View Full Version : [ubuntu] Two-way VM live migration?
Z. Y. LIU
July 7th, 2009, 03:22 PM
Greetings...
I am running ubuntu 9.04, with kvm and libvirt-bin, etc. Using virsh, I can live-migrate a VM from host1 to host2. It works very well. My question is, can I migrate the VM back from host2 to host1? Below are detailed info.
Specifically, suppose the VM is VM4. VM4, a Linux guest OS, was built on host1.
Now on host1, I start virsh:
virsh
and 'list --all' shows that VM4's state is 'running'. I then issue the command to migrate VM4 from host1 to host2:
migrate --live VM4 qemu+ssh://host2/system
The migration works. 'list --all' on host1 now shows VM4's state becomes 'shut off'; and 'list --all' on host2 now shows VM4's state is 'running.'
Here is the question: Is there a way to migrate VM4 back from host2 to host1?
I can stop VM4 on host2 by 'destroy VM4', and (re) 'start VM4' on host1.
But if I try to migrate VM4 from host2 to host1 (On host2: migrate --live VM4 qemu+ssh://host1/system), both hosts hang. I can Ctrl-C to kill the command on host2, but host1 requires a reboot. Shooting in the dark can be dangerous...
Any advice or discussion on how to resolve this issue would be much appreciated. Many thanks...
Z.
pocketchange
July 16th, 2009, 11:58 AM
I'm seeing something similar, however, I can't even migrate one direction. It just hangs whenever I try to do the live migration with no error message, even though I can run the vm on both hosts. Maybe there's something wrong with libvirt? I'm running Jaunty as well.
Z. Y. LIU
July 16th, 2009, 02:11 PM
Hi pocketchange,
Just a caution - make sure you have virt-manager installed: 'apt-get install virt-manager'. That will pull in all the dependent packages as well. Then check the following two items:
(1) you run from a user account that have enough privilege with the system resources and networking. Did you try to run as root? Did you set up ssh properly between hosts if qemu+ssh is the protocol?

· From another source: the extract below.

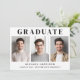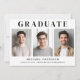Einfache Ankündigung des Abschlusses mit 3 Fotos in der Mitte, "Graduate" in eleganter Typografie und den Namen, Schule und Klasse Jahr in der modernen Typografie.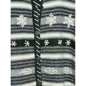 VTG Snowflake Winter Knit Button Fall Holiday Green Cardigan Hand Embroidered Sm

(2) Make sure you have shared storage for "live migration" between hosts. Other people have reported using NFS for this purpose. I am using Intel Modular Server, where I can migrate VMs live from one blade to another. Its shared-LUN feature and virtual disks provide the needed shared storage, which is more efficient than the NFS solution.
Hope this helps get you around the issue of not being able to migrate a VM.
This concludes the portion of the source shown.